Non sappiamo se la proposta fatta da Alfano e Berlusconi di adottare in Italia il sistema semipresidenziale alla francese (con elezione diretta del presidente della repubblica, capo dell’esecutivo, e per il parlamento un sistema uninominale maggioritario a doppio turno) andrà a buon fine. Molti indizi, a cominciare da una valutazione realistica del tempo disponibile prima del termine della legislatura, inducono a pensare che la proposta non riuscirà a passare. Tuttavia si tratta di una buona notizia. La circostanza segnala infatti che il centro destra, per quanto in difficoltà verso il suo elettorato tradizionale, una volta liberato dall’abbraccio soffocante e mortifero della Lega, è in grado di tornare a indicare con chiarezza la strada da seguire.
Insomma, quale che sarà l’esito di questa proposta, si tratta di continuare a metterla in primo piano come un elemento caratterizzante del programma politico del centro destra, perché si tratta del modo più positivo di onorare l’eredità del berlusconismo.
Il berlusconismo ha due versanti. Uno che si può chiamare sistemico, cioè relativo al funzionamento del sistema politico, l’altro relativo alla comunicazione politica, cioè alle tecniche con cui raggiungere e motivare l’elettorato. Su questo secondo versante l’avvento di Berlusconi è stato una sorta di master di aggiornamento della vita pubblica italiana, perché ha introdotto il marketing politico in un panorama che ancora viveva della bolsa retorica dei grandi partiti di massa, dove i problemi della comunicazione politica venivano risolti con la lottizzazione (tre reti radiotelevisive pubbliche appaltate a tre diverse aree politiche).
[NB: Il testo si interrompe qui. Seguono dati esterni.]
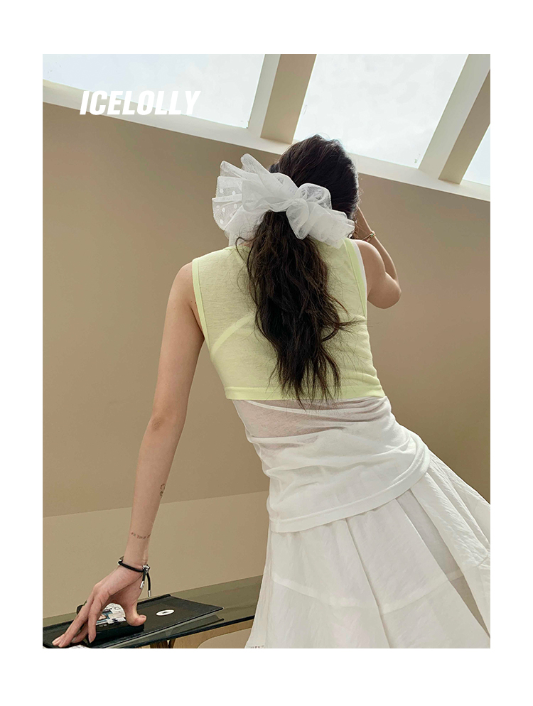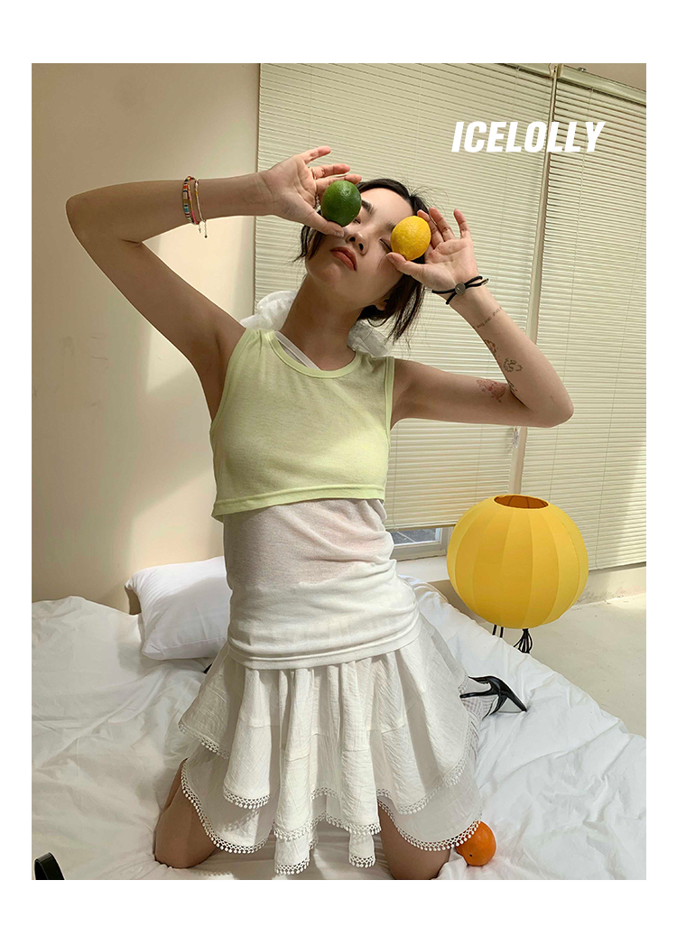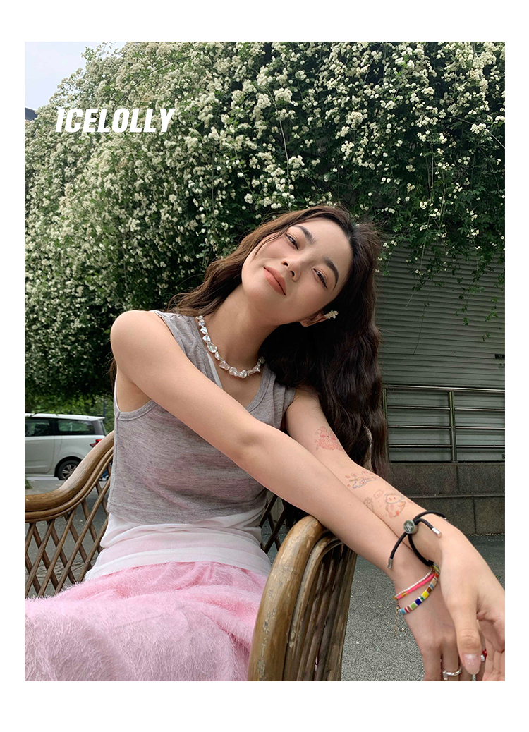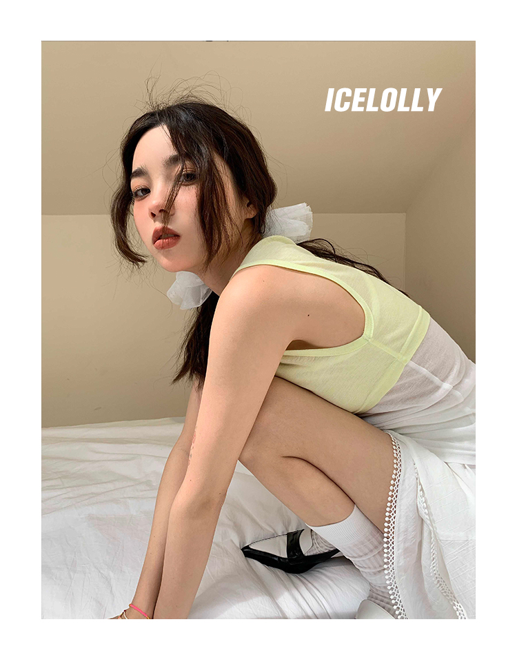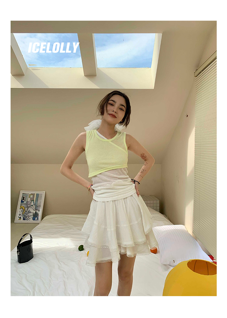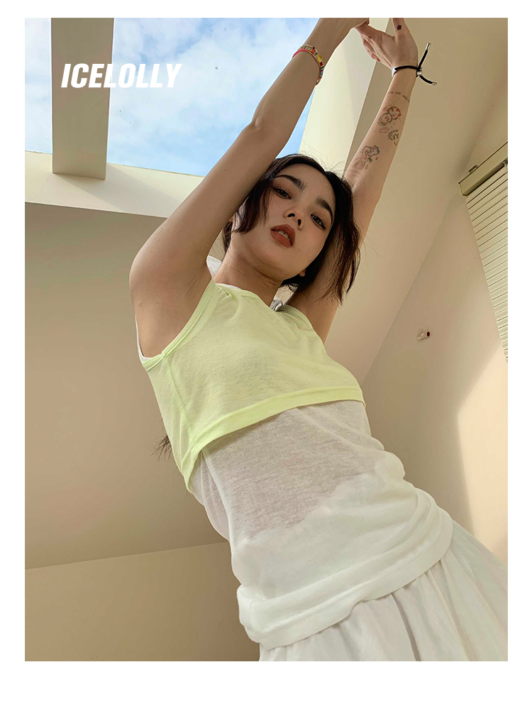 【69元福利款】ICELOLLY假兩件拼色吊帶背心女夏外穿內搭無袖上衣

Sotto questo profilo il berlusconismo non solo ha prodotto risultati durevoli e, con ogni probabilità, irreversibili, ma può anche ritenersi superato. Gli ultimi sviluppi della comunicazione informatica, infatti, in particolare l’emergere dei social networks come mezzo principale della mobilitazione politica e di un’informazione diffusa e capillare, riducono notevolmente l’impatto di un marketing politico che ha nelle reti generaliste e nei talk shows i suoi canali privilegiati.
Tuttavia il lascito più importante del berlusconismo, e anche quello che è maggiormente a rischio, è quello sistemico. Grazie alla discesa in campo dell’imprenditore milanese l’Italia, dopo oltre un secolo di governi centristi (fossero essi a base trasformista come in età liberale, o a base partitocratica come in età repubblicana), ha orientato la contesa politica sull’asse destra/sinistra e ha conosciuto l’alternanza fra due schieramenti. Cioè, ha mosso i primi passi verso una democrazia maggioritaria e governante, ponendo le premesse per un miglioramento del tono complessivo della vita pubblica. L’esperimento è durato fino ad ora perché rispondeva a un bisogno radicato nell’opinione pubblica. Tuttavia il funzionamento non è stato soddisfacente, perché sul suo cammino si sono accumulati molti ostacoli. In primo luogo la cultura dorotea diffusa nei palazzi romani, che considerava un requisito di democraticità gli esecutivi deboli e i governi di breve durata e comunque instabili. A questo fattore culturale si sono aggiunti gli interessi di una parte consistente del ceto politico. Sistemi elettorali spuri hanno fatto crescere oltre misura il peso dei partiti minori ed estremisti, con grave danno per la coesione delle coalizioni di governo e per l’efficacia delle politiche pubbliche. Soprattutto, poi, l’influenza eccessiva delle estreme ha impedito un dialogo tra le componenti moderate dei due schieramenti per trovare un punto d’intesa. Così a diciotto anni di distanza dalla "discesa in campo" la nostra democrazia dell’alternanza rischia di naufragare, risucchiata dai gorghi del trasformismo di ritorno, o travolta dall’onda limacciosa dell’antipolitica.
Non si tratta di ritrovare un presunto spirito del 1994, così spesso evocato, occorre invece, in termini programmatici ed operativi, trarre le giuste conseguenze dall’esperienza di questi ultimi mesi: senza un riforma costituzionale adeguata anche le vittorie elettorali assai ampie (e ci riferiamo al 2008, non a lontane ere geologiche), possono risultare inefficaci.